■ **What to produce**
When you copy the data, keep every word exactly as it is and leave the pictures out.

■ **Collected material**
------------------------------------------------

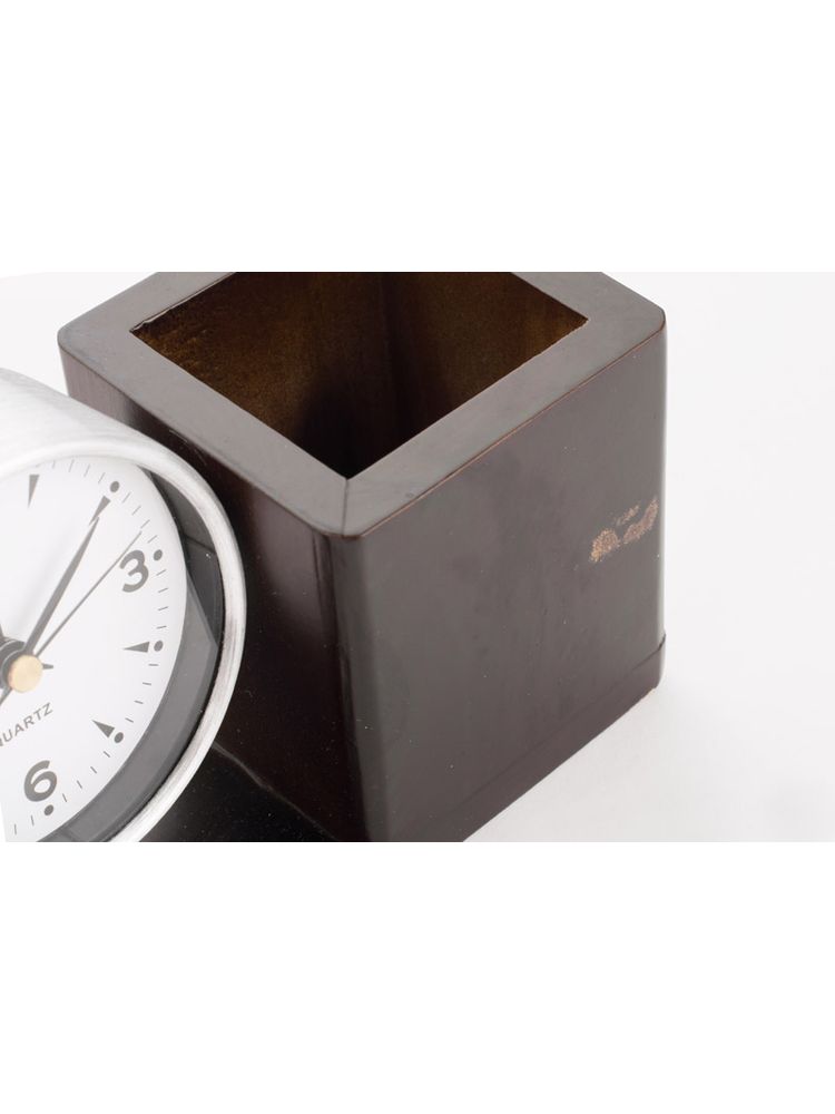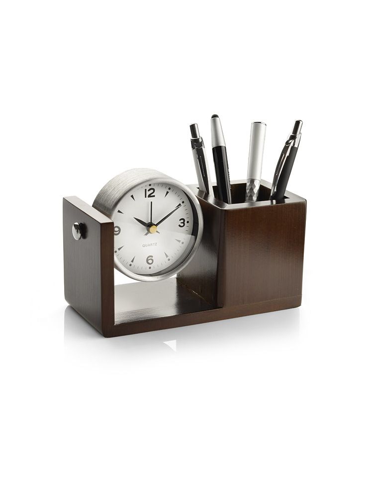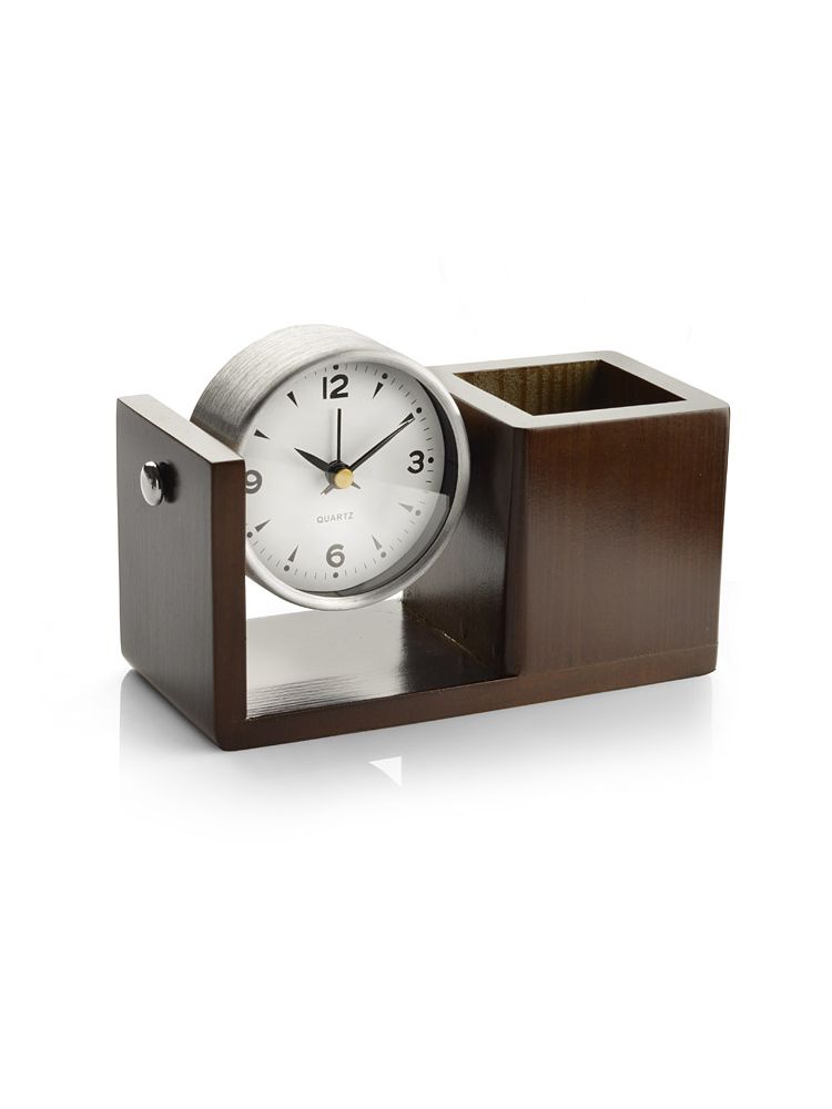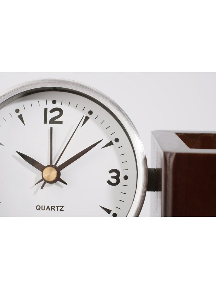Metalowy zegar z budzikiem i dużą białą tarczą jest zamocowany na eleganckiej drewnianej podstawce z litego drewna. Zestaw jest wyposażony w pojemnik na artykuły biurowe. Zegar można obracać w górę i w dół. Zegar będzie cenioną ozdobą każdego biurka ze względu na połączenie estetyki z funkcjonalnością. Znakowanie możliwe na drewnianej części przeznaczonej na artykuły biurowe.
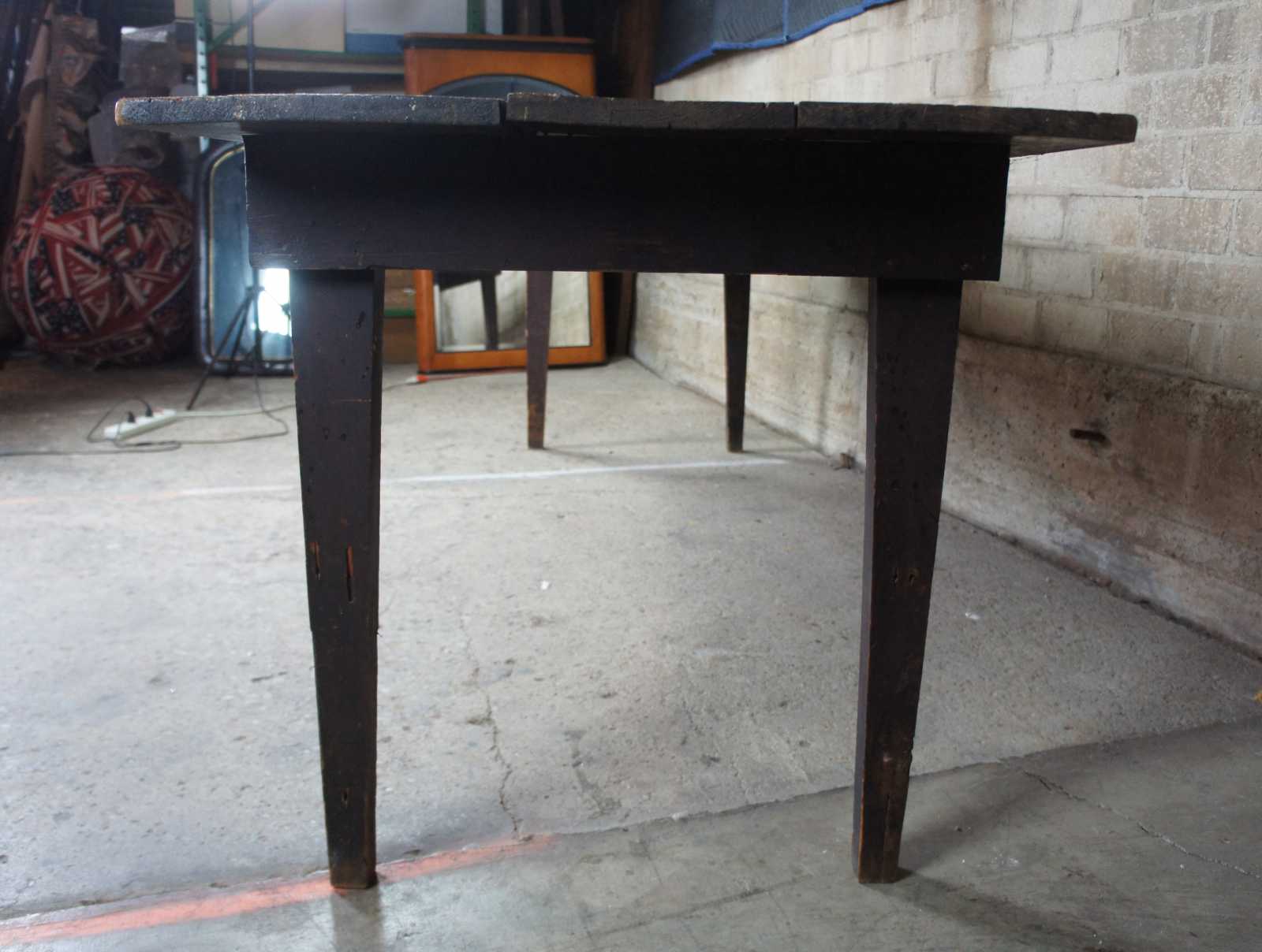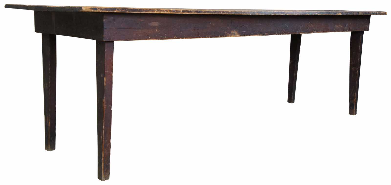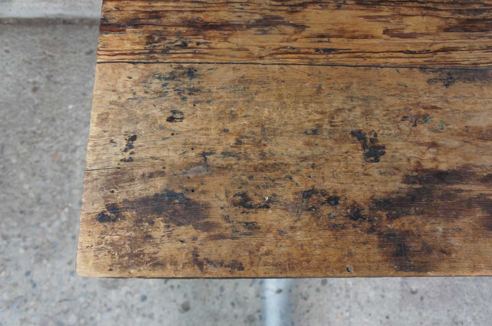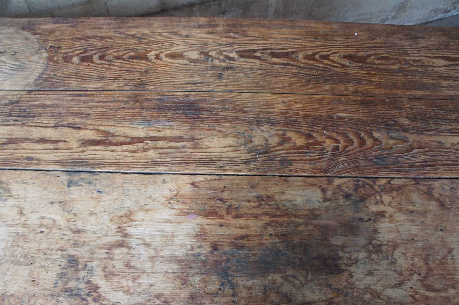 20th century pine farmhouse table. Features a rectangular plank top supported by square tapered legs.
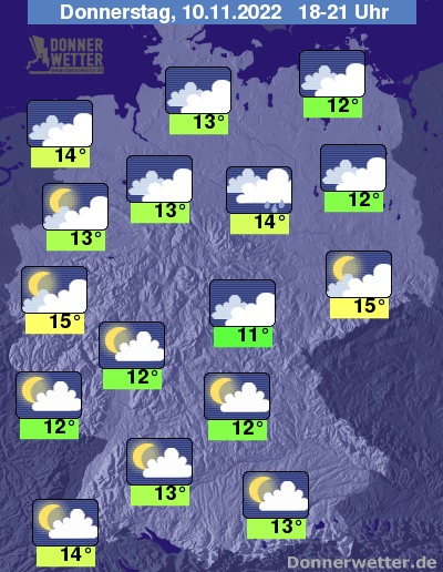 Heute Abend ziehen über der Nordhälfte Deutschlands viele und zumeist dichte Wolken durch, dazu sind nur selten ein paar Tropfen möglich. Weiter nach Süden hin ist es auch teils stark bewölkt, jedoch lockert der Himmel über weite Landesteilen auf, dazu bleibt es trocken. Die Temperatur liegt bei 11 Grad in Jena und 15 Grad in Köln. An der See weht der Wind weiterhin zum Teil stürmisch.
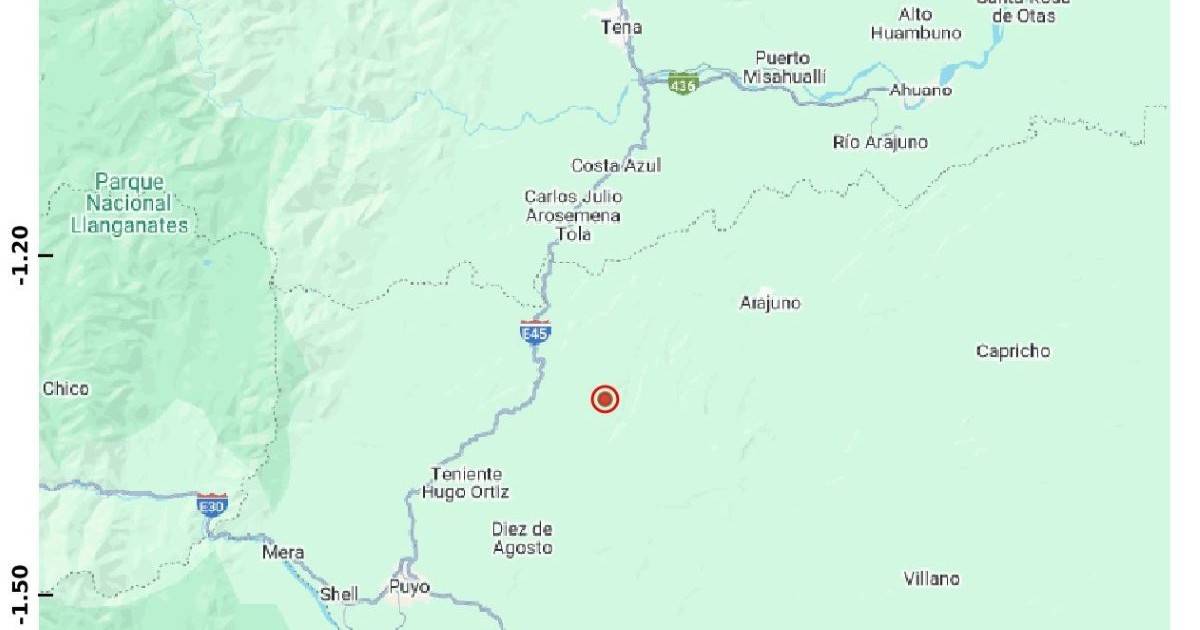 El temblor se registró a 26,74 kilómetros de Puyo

------------------------------------------------

■ **Output**
Metalowy zegar z budzikiem i dużą białą tarczą jest zamocowany na eleganckiej drewnianej podstawce z litego drewna. Zestaw jest wyposażony w pojemnik na artykuły biurowe. Zegar można obracać w górę i w dół. Zegar będzie cenioną ozdobą każdego biurka ze względu na połączenie estetyki z funkcjonalnością. Znakowanie możliwe na drewnianej części przeznaczonej na artykuły biurowe.
 20th century pine farmhouse table. Features a rectangular plank top supported by square tapered legs.
 Heute Abend ziehen über der Nordhälfte Deutschlands viele und zumeist dichte Wolken durch, dazu sind nur selten ein paar Tropfen möglich. Weiter nach Süden hin ist es auch teils stark bewölkt, jedoch lockert der Himmel über weite Landesteilen auf, dazu bleibt es trocken. Die Temperatur liegt bei 11 Grad in Jena und 15 Grad in Köln. An der See weht der Wind weiterhin zum Teil stürmisch.
 El temblor se registró a 26,74 kilómetros de Puyo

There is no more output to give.